Indigenous oral narratives are an important source for, and component of, Coast Salish knowledge systems. Stories are not only to be recounted and passed down; they are also intended as tools for teaching. Jo-ann Archibald worked closely with Elders and storytellers, who shared both traditional and personal life-experience stories, in order to develop ways of bringing storytelling into educational contexts. Indigenous Storywork is the result of this research and it demonstrates how stories have the power to educate and heal the heart, mind, body, and spirit. It builds on the seven principles of respect, responsibility, reciprocity, reverence, holism, interrelatedness, and synergy that form a framework for understanding the characteristics of stories, appreciating the process of storytelling, establishing a receptive learning context, and engaging in holistic meaning-making.

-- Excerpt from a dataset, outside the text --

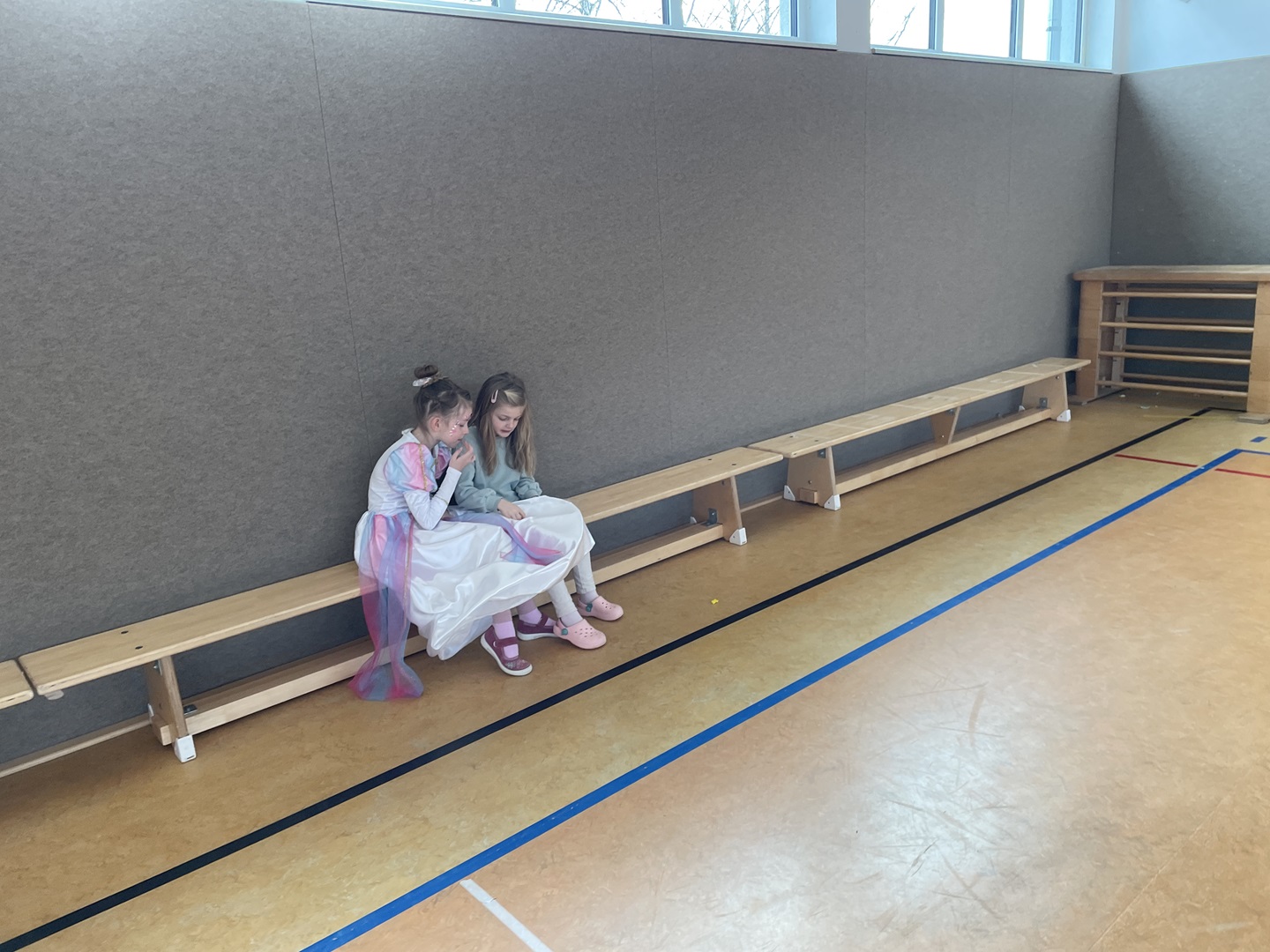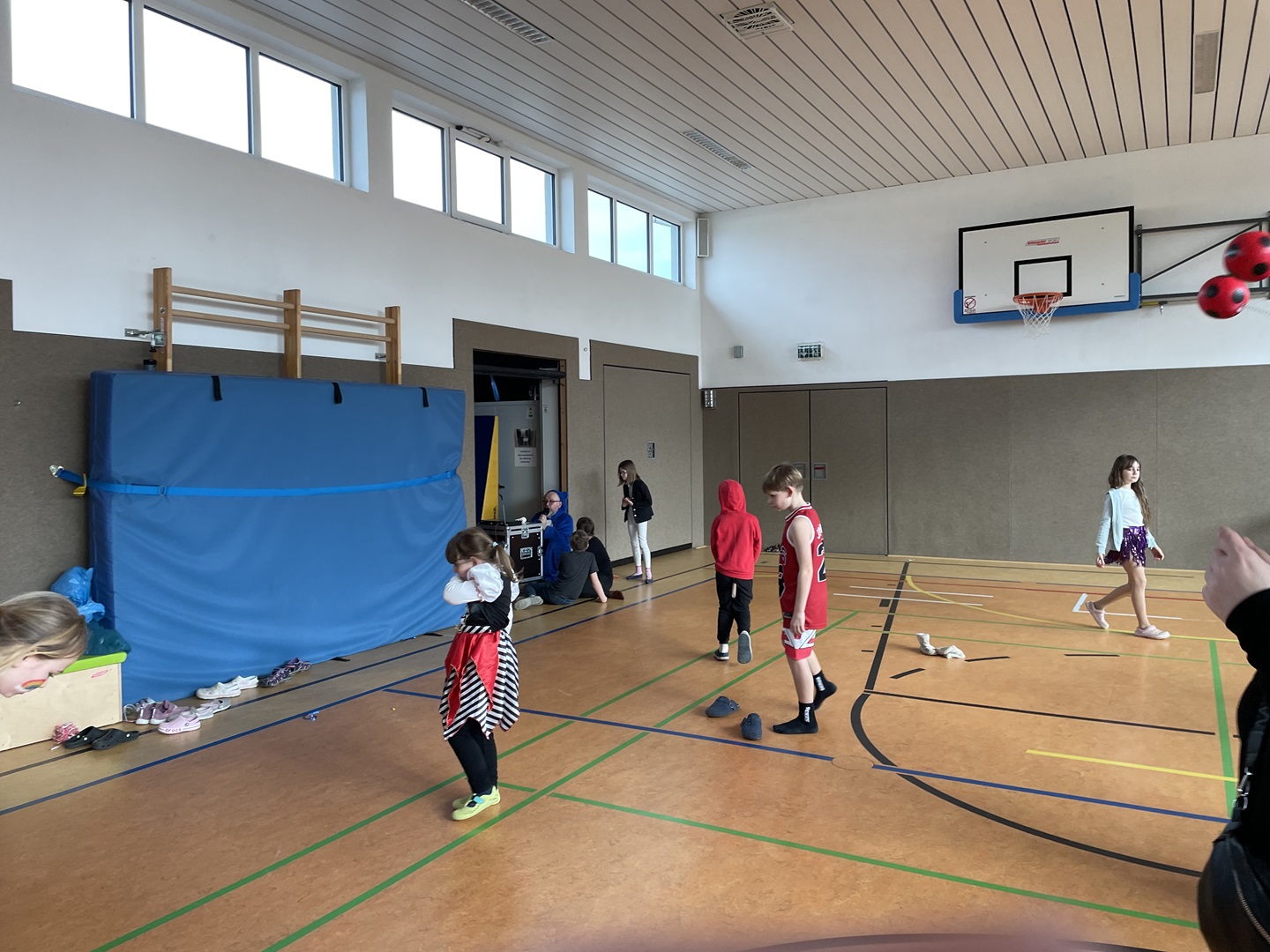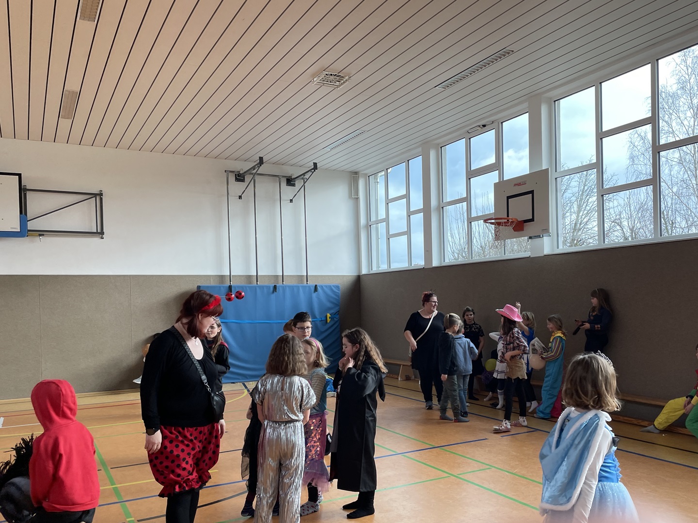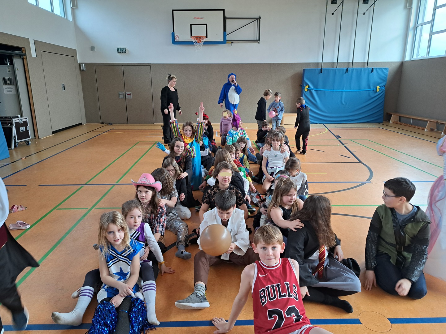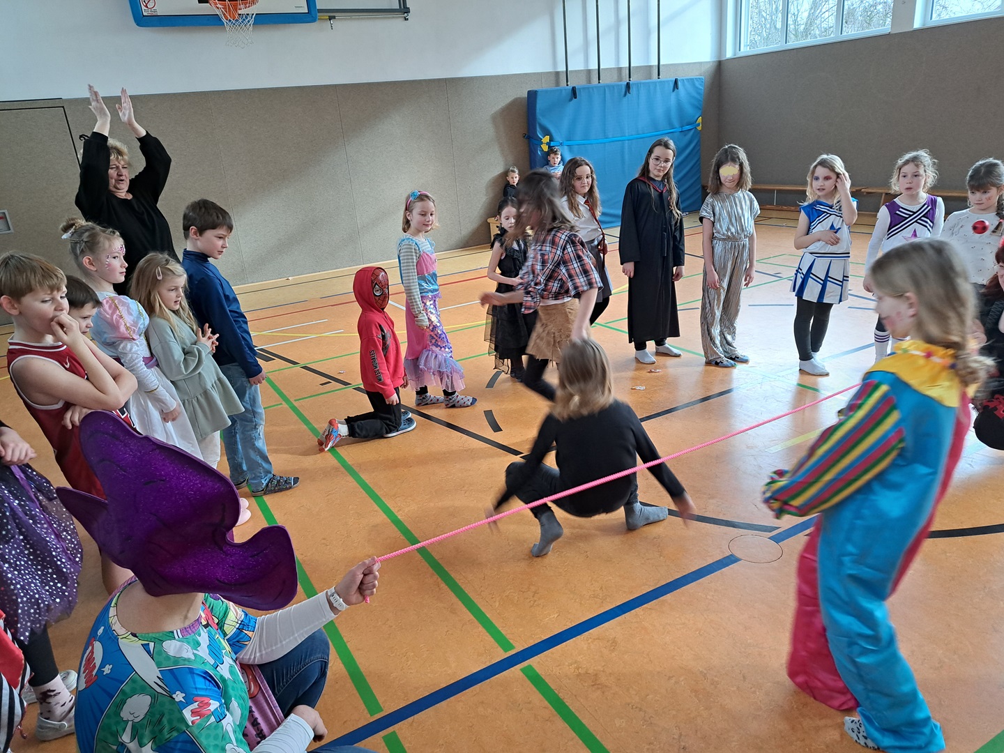 Am Montag in den Ferien feierten wir eine Faschingsparty. Es kamen fast alle Kinder mit tollen Kostümen. In der Turnhalle macht der blaue SchreiBär coole Musik. Wir spielten Zeitungstanz, Feuer, Wasser, Sand und tanzten Limbo. Zwischendurch wurden viele leckeren Bonbons geworfen. Auf einem Laufsteg zeigte jeder sein Kostüm. Eine Jury, bestehend aus Frau Müller und 3 nicht verkleideten Kindern, bewerteten die Kostüme und entschieden sich für 3 Paare mit gleichen Kostümen, Cheerleader , Wednesday mit den eiskalten Händchen. Zum Schluss bekamen alle Kinder einen kleinen Preis.

Educating Mind, Body and Spirit

Educating Mind, Body and Spirit
Author: Helen Glew
Publisher:
Total Pages: 276
Release: 2013
Genre:
ISBN: 9781857571172

Download Educating Mind, Body and Spirit Book in PDF, ePub and Kindle


Education and the Body in Europe (1900-1950)

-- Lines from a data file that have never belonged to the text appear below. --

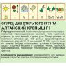 Раннеспелый гибрид. Растение индетерминантное среднеплетистое, преимущественно женского типа цветения, образует до трех завязей в одном узле. Плоды зеленые со светлыми полосами до 1/3 длины, среднебугорчатые, белошипые, длиной 10-11 см, массой 70-90 г, генетически не горькие.
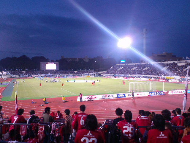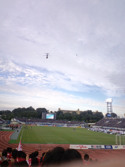 そんなこんなで迎えた万博決戦は、ガンバ20周年記念試合とかで、何もレッズ戦でそんなイベントをぶつけてこなくてもいーじゃんと思いつつ、ヘリからボール投下とか、良くわからんものを観させられると思ったら、投下カウント途端にヘリが遠ざかって行ってしまい、明らかに段取りをミスったガンバに対して、レッズスタンドからは大爆笑と「やりなおせ」コールが。
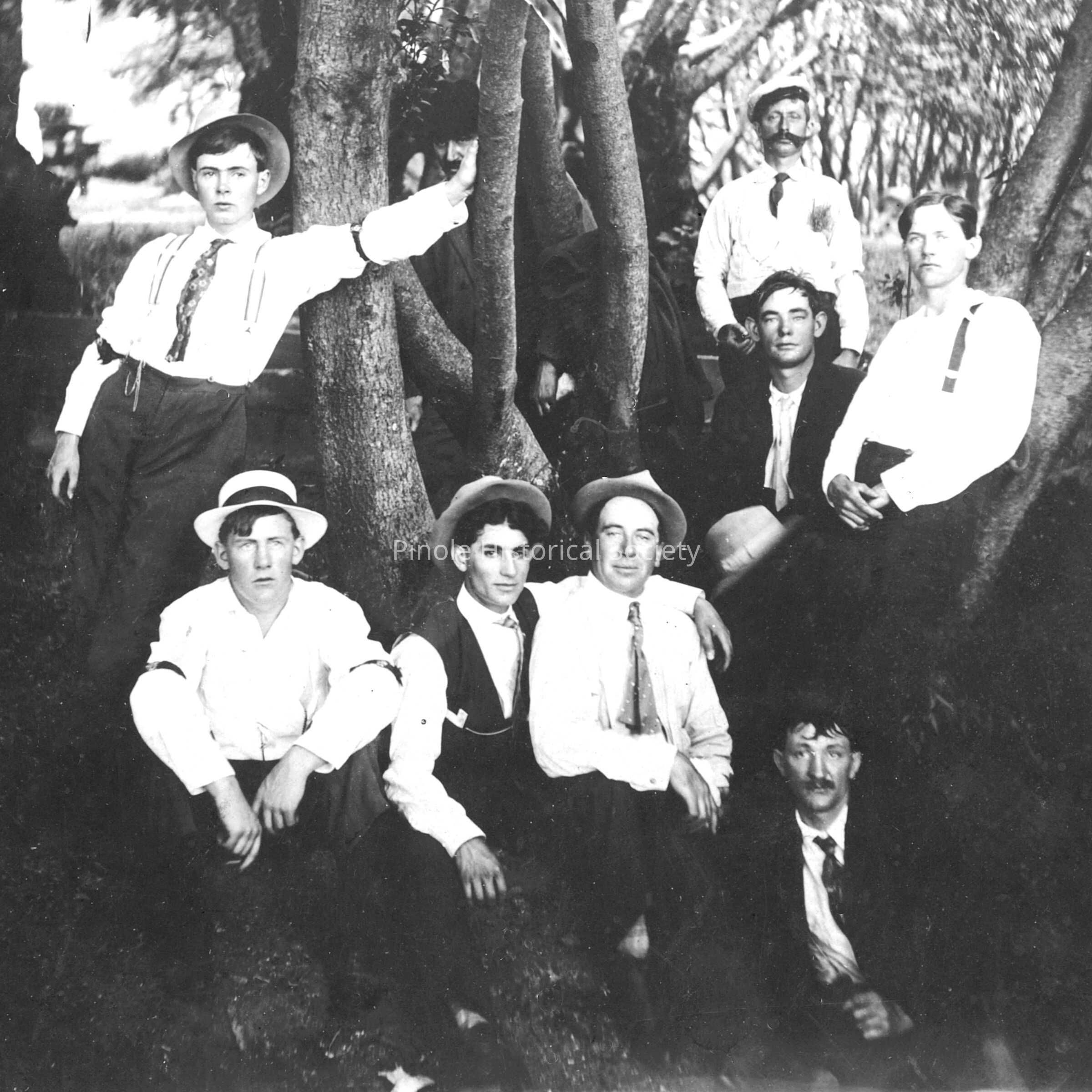 Harold Bennett (grandfather of Marilyn Bennett Ponting) is young man at far right wearing suspenders. Donated by granddaughter Marilyn Bennett Ponting 1975.Copyright
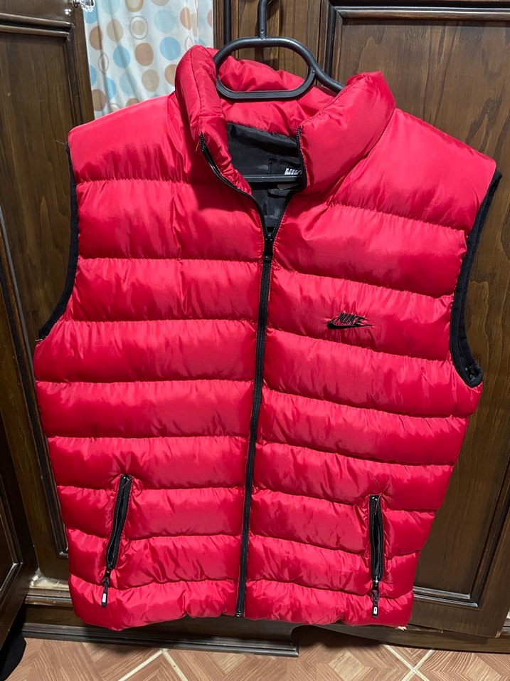 Kırmızı renkli, fermuarlı cepleri ve yüksek yakası olan Nike marka şişme yelek. Sentetik kumaştan, günlük kullanıma uygun, dar kesim ve sokak stilinde.
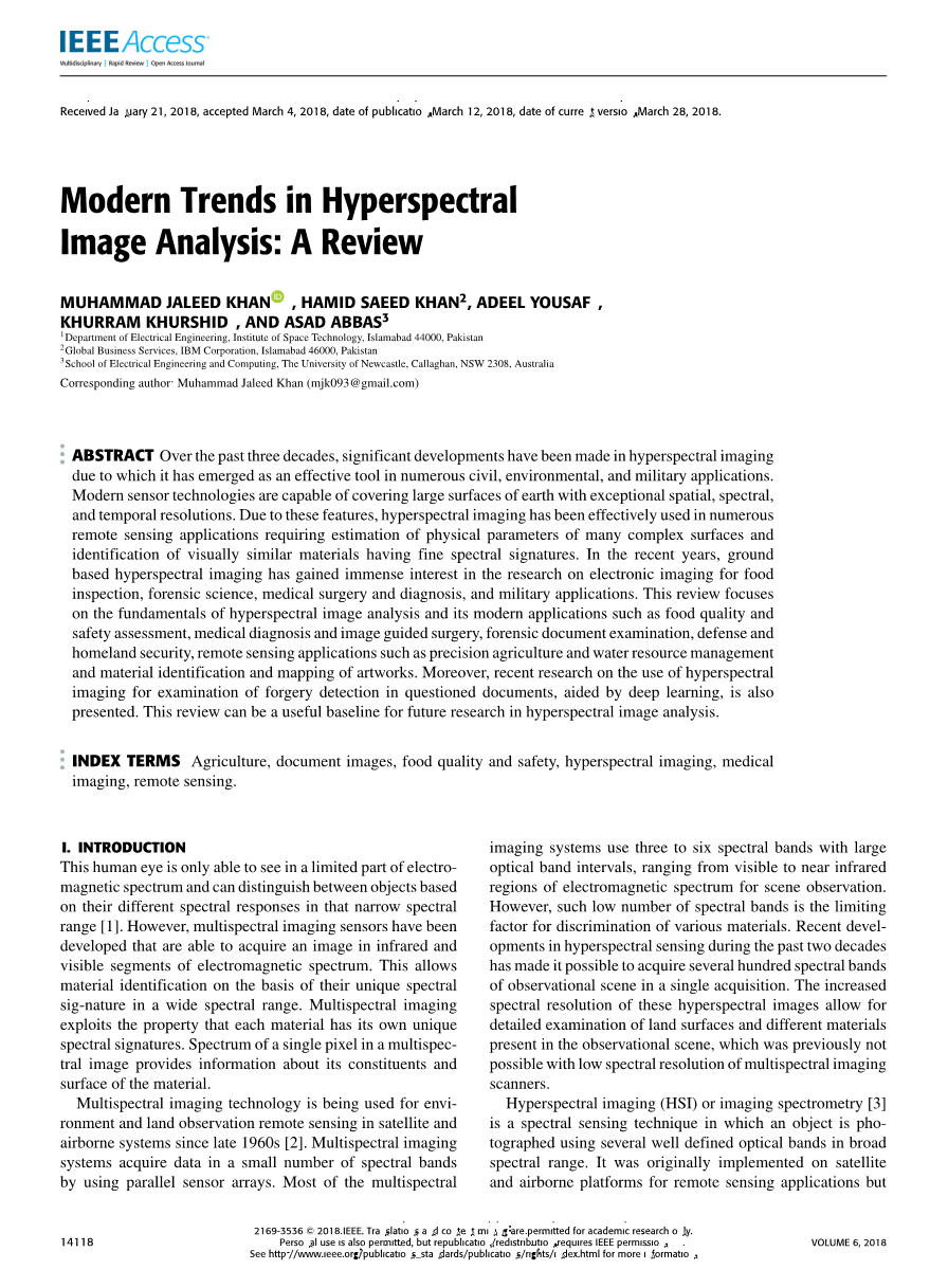 索引术语:农业,文件图像,食品质量和安全,高光谱影像,医学影像,遥感。

Education and the Body in Europe (1900-1950)
Author: Simonetta Polenghi
Publisher: Peter Lang Gmbh, Internationaler Verlag Der Wissenschaften
Total Pages: 268
Release: 2020-12-21
Genre:
ISBN: 9783631835647

Download Education and the Body in Europe (1900-1950) Book in PDF, ePub and Kindle

The public dimension of the body became paramount in the first half of the 20th century, when the image of the modern man, with his virile stereotypes, became a cliché, in strict connection with nation building first and totalitarian ideologies later. Yet, different cultural and educational trends advocated for life reform and liberation of the body. Both the metaphorical and the material body were invested by cultural, religious, political and educational theories and practices with strong links and similarities but also national differences. Thanks to an international scholarly work about body education in ten European countries, this volume allows a wide comparative analysis about life reform; physical education and sport; children's bodies, emotions, hygiene and (ab)normality.

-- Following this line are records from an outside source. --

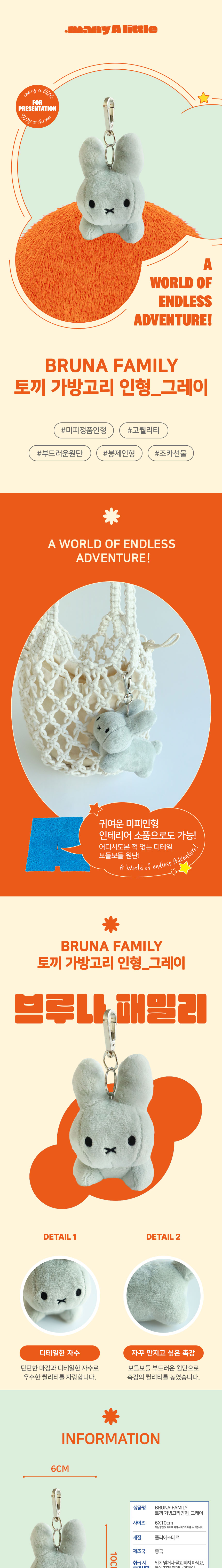 매니어리틀 브루나 패밀리 토끼 가방고리인형 그레이
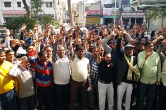 ठेला-रेहड़ी व्यापारियों ने अपनी मांगो को लेकर किया नगर निगम में प्रदर्शन
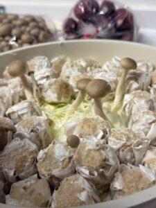 すると、シュウマイの中にきのこが生えているかのようにきれいに並べられていたのです。絵本などで見かけるきのこのように、ちゃんと生えているように並べてくれました。
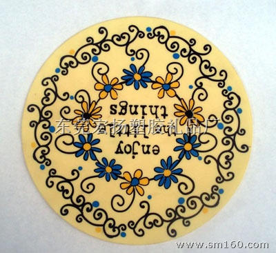 供应pvc软胶透明杯垫、花型印刷餐垫、笑脸拼图杯垫
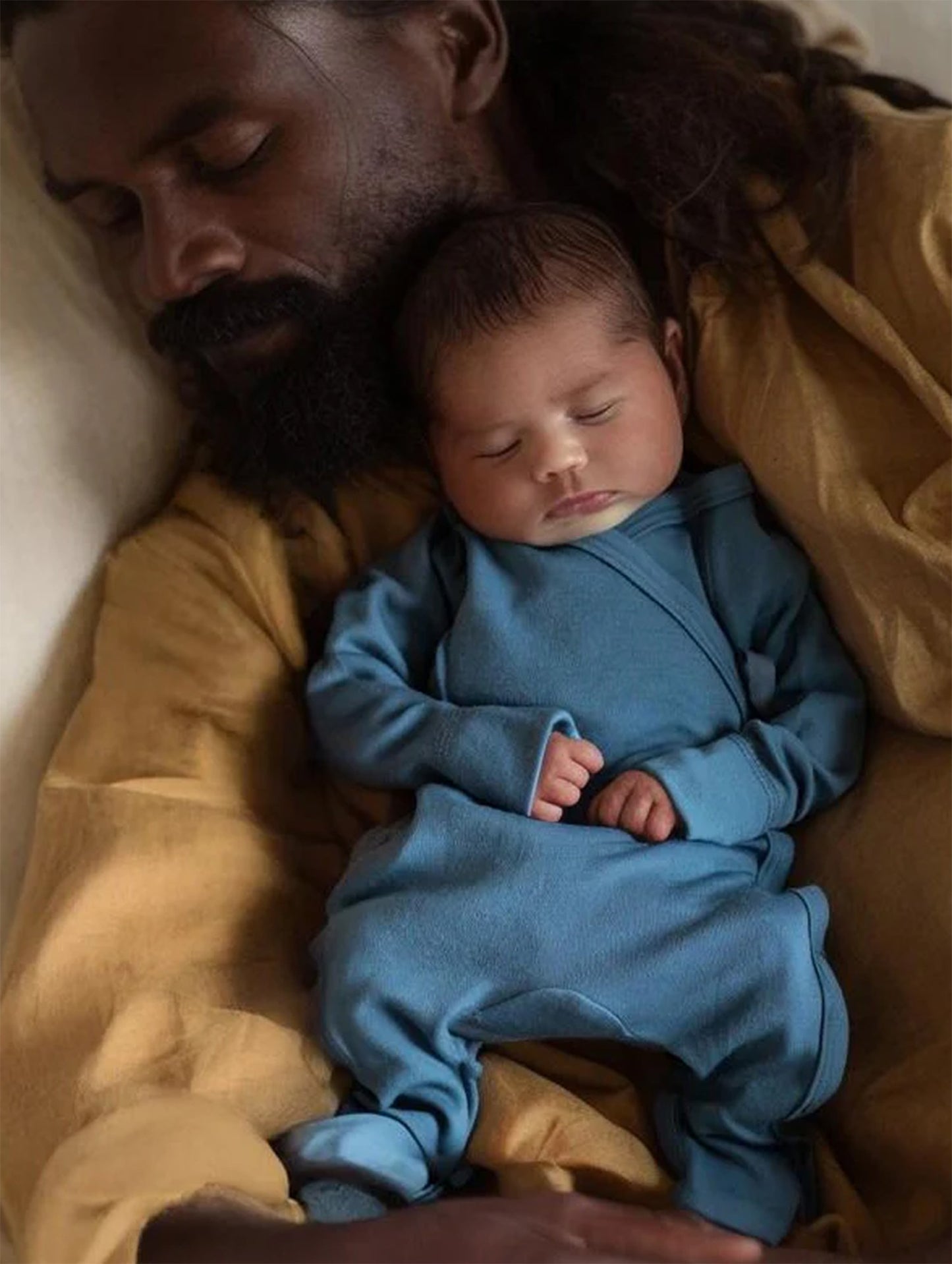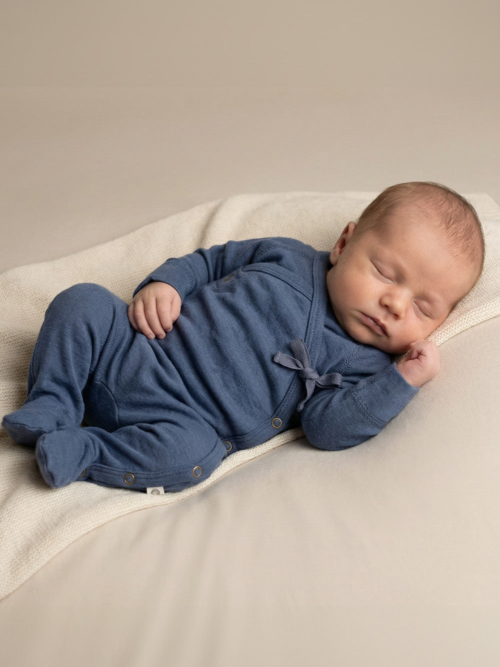 Playsuit with feet, so they stay nice and warm. Wrap closure, so that no draft comes through at the front....

A History of Navajo Nation Education

A History of Navajo Nation Education
Author: Wendy Shelly Greyeyes
Publisher: University of Arizona Press
Total Pages: 273
Release: 2022-03-01
Genre: Social Science
ISBN: 0816545308

Download A History of Navajo Nation Education Book in PDF, ePub and Kindle

A History of Navajo Nation Education: Disentangling Our Sovereign Body unravels the tangle of federal and state education programs that have been imposed on Navajo people and illuminates the ongoing efforts by tribal communities to transfer state authority over Diné education to the Navajo Nation. On the heels of the fiftieth anniversary of the founding of the Department of Diné Education, this important education history explains how the current Navajo educational system is a complex terrain of power relationships, competing agendas, and jurisdictional battles influenced by colonial pressures and tribal resistance. An iron grip of colonial domination over Navajo education remains, thus inhibiting a unified path toward educational sovereignty. In providing the historical roots to today’s challenges, Wendy Shelly Greyeyes clears the path and provides a go-to reference to move discussions forward.